Мати понадобилось время, чтобы собраться с духом и продолжить свой придуманный по дороге стиль поведения. Какая цена отцову галстуку с маленькой жемчужинкой в сравнении с таким супермундиром!

Вдруг Мати почувствовал, что здесь, в передней, как-то холодно. Прохлада исходила от светло-серых стен, ламп дневного освещения и даже от одеяния Сирье.

Самым странным было то, что прохлада эта выветрила у Мати из головы все приготовленные слова.

— Пойдем в комнату! — скомандовала Сирье. Мати попытался было еще поправить перед зеркалом кончик белого носового платка, но Сирье решительно потащила его дальше.

Девчонки ничего не придумали. Комната была именно такой… Изысканная и элегантная, и все такое. Лиловые стены, кремовый пол. На стене до потолка решетка, на ней кто знает что за цветы и растения. На полу — кубики, большие и поменьше. Одни сдвинуты в стол, другие оставлены для сидения.

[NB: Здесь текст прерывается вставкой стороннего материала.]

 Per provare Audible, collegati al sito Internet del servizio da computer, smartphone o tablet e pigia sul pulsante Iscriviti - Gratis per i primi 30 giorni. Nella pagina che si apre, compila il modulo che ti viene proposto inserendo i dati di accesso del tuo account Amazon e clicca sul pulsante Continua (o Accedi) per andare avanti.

Взгляд Мати метался по этой непривычной обстановке туда и сюда. Утыкался в кубики для сидения, в решетку на стене. Поуспокоился лишь на высокой, от пола до потолка, елке. Елка была как елка, поэтому обычная и домашняя: темно-зеленые ветки, украшения, свечки. Хотя и здесь Мати обнаружил отличие от елки, которая стояла у них дома. Украшения были только серебристыми, свечи только белые.

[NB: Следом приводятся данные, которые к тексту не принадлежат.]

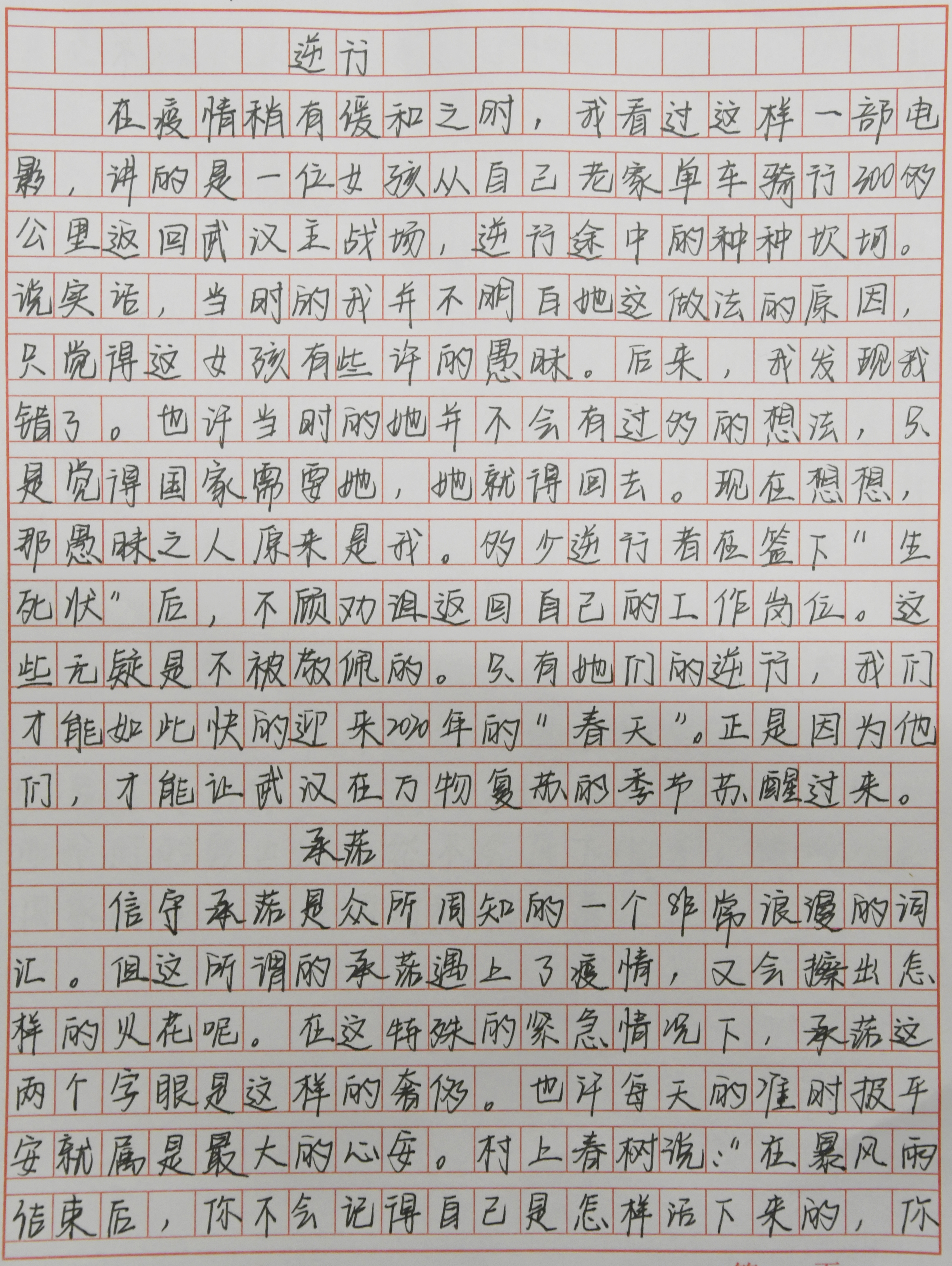 本次的活动通过用网络电影的形式,帮助同学们回首一段刻骨铭心,传递对今年抗击新冠疫情的战场武汉、以及战疫斗争中每个“战士”的敬意与感恩,展现出中国人无论面对什么困难,都会携手互助、无畏前行的伟大精神。

Неожиданно Мати ощутил, что прохлада из передней проникла в комнату. И что проклятое косноязычие все больше одолевает его.

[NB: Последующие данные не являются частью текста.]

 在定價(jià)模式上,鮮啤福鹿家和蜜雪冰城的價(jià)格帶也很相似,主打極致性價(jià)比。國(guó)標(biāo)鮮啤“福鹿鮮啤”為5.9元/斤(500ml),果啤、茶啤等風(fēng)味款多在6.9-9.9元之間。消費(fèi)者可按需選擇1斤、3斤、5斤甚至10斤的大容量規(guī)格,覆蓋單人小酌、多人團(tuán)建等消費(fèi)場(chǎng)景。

— Да садись ты наконец! — позвала Сирье. — Не отдаляйся от товарищей!

Только теперь Мати заметил, что в комнате есть и другие гости. Некоторые из их класса девчонки и два совсем незнакомых парня.

— Лео и Яан из нашего дома! — сообщила Сирье, изящно взмахнув рукой.

Мати оценивающе глянул на парней и с удовлетворением отметил, что ни у одного из них нет черного галстука и белого платочка, уголок которого выглядывает из кармана. Уж не говоря о жемчужинке.

Сирье указала на белый куб, и Мати с облегчением опустился на него. Наконец можно собраться с духом, пообвыкнуть и освоиться.

Отец с матерью тоже вошли в комнату. Предложили конфет и жевательную резинку. Спросили кое о чем, но долгого разговора не вышло.

Тут Сирье воскликнула:

— Послушай, Мати, а разве ты не пошел в дом для престарелых?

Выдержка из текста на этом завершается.